По стенам — липкие буфеты, где пребывают щербатые и мутные графины, поддонники из жести со струйчатым рисунком, стопки толстых фарфоровых тарелок с голубой каймой изделие Турнэ.В одном углу поставлен ящик с нумерованными отделениями, чтобы хранить, для каждого нахлебника особо, залитые вином или просто грязные салфетки.
Тут еще встретишь мебель, изгнанную отовсюду, но несокрушимую и помещенную сюда, как помещают отходы цивилизации в больницы для неизлечимых.
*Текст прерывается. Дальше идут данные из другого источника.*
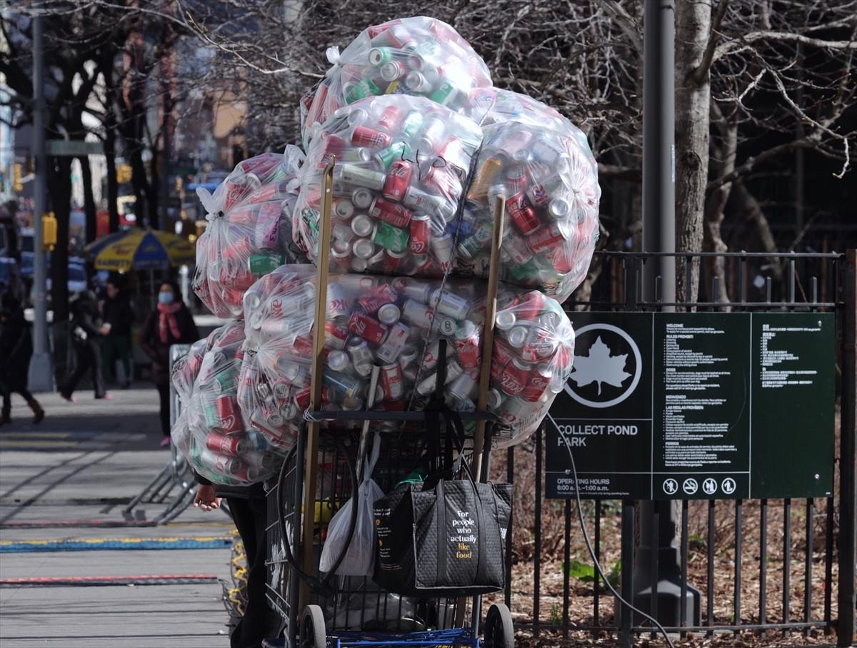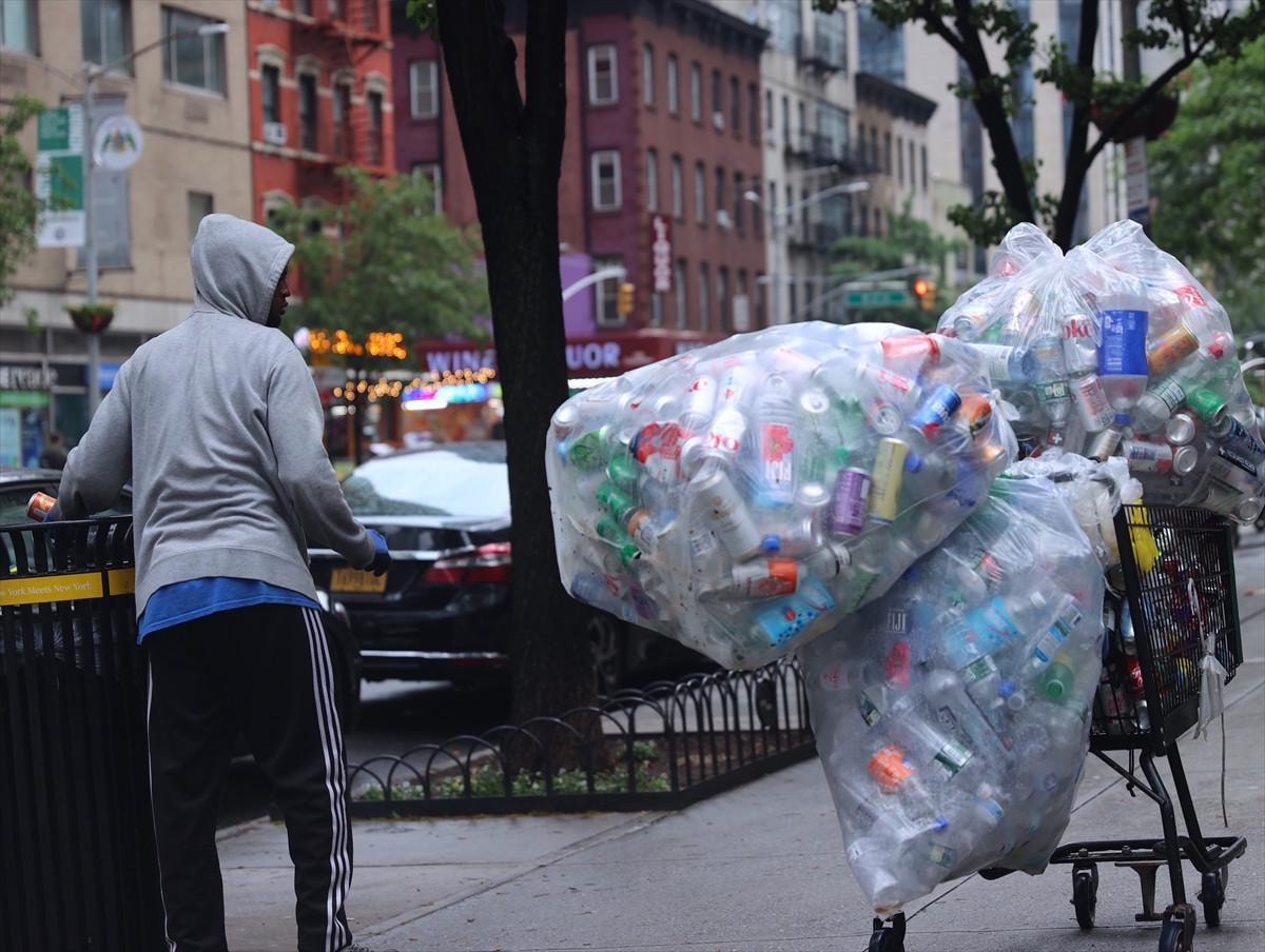 ABD'nin New York eyaletinde iş kayıpları, yüksek enflasyon ve yeni göçmenler nedeniyle daha fazla insan sokaklardan ve çöp kutularından boş şişe ve teneke kutu toplamaya başladı.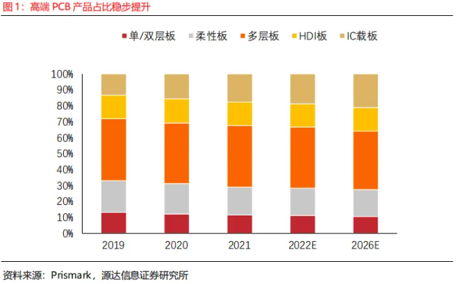 高端PCB產品結構占比逐步提升。受服務器/數據存儲、手機等高端消費電子行業的拉動,HDI板和IC載板等高端PCB產品占比逐步提升。根據Prismark數據,2022年單/雙層板、柔性板、多層板、HDI板和IC載板的占比分別為11.3%、17.2%、38.4%、14.6%和18.8%,并預計在2026年占比結構變為10.6%、16.9%、36.6%、14.8%和21.1%。

Тут вы увидите барометр с капуцином, вылезающим, когда дождь уже пошел; мерзкие гравюры, от которых пропадает аппетит, — все в лакированных деревянных рамках, черных с золоченными ложками; стенные часы, отделанные рогом с медной инкрустацией; зеленую муравленную печь; кенкеты Аргана, где пыль смешалась с маслом; длинный стол, покрытый клеенкой настолько грязной, что весельчак-нахлебник пишет на ней свое имя просто пальцем, за неименьем стилоса; искалеченные стулья, соломенные жалкие цыновки — в вечном употреблении и без износа; затем дрянные грелки с развороченными продушинами, с обуглившимися ручками и сломанными петлями.
Трудно передать, насколько вся эта обстановка ветха, гнила, щелиста, неустойчива, источена, крива, коса, увечна, чуть жива, — понадобилось бы пространное описание, но это затянуло б развитие нашей повести, чего, пожалуй, не простят нам люди занятые.
Красный пол — в щербинах от подкраски и натирки.
Короче говоря, здесь царство нищеты, где нет намека на поэзию, нищеты потертой, скаредной, сгущенной. Хотя она еще не вся в грязи, но покрыта пятнами, хотя она еще без дыр и без лохмотьев, но скоро превратится в тлен.
Эта комната бывает в полном блеске около семи часов утра, когда, предшествуя своей хозяйке, туда приходит кот г-жи Воке, вспрыгивает на буфеты и, мурлыча утреннюю песенку, обнюхивает чашки с молоком, накрытые тарелками.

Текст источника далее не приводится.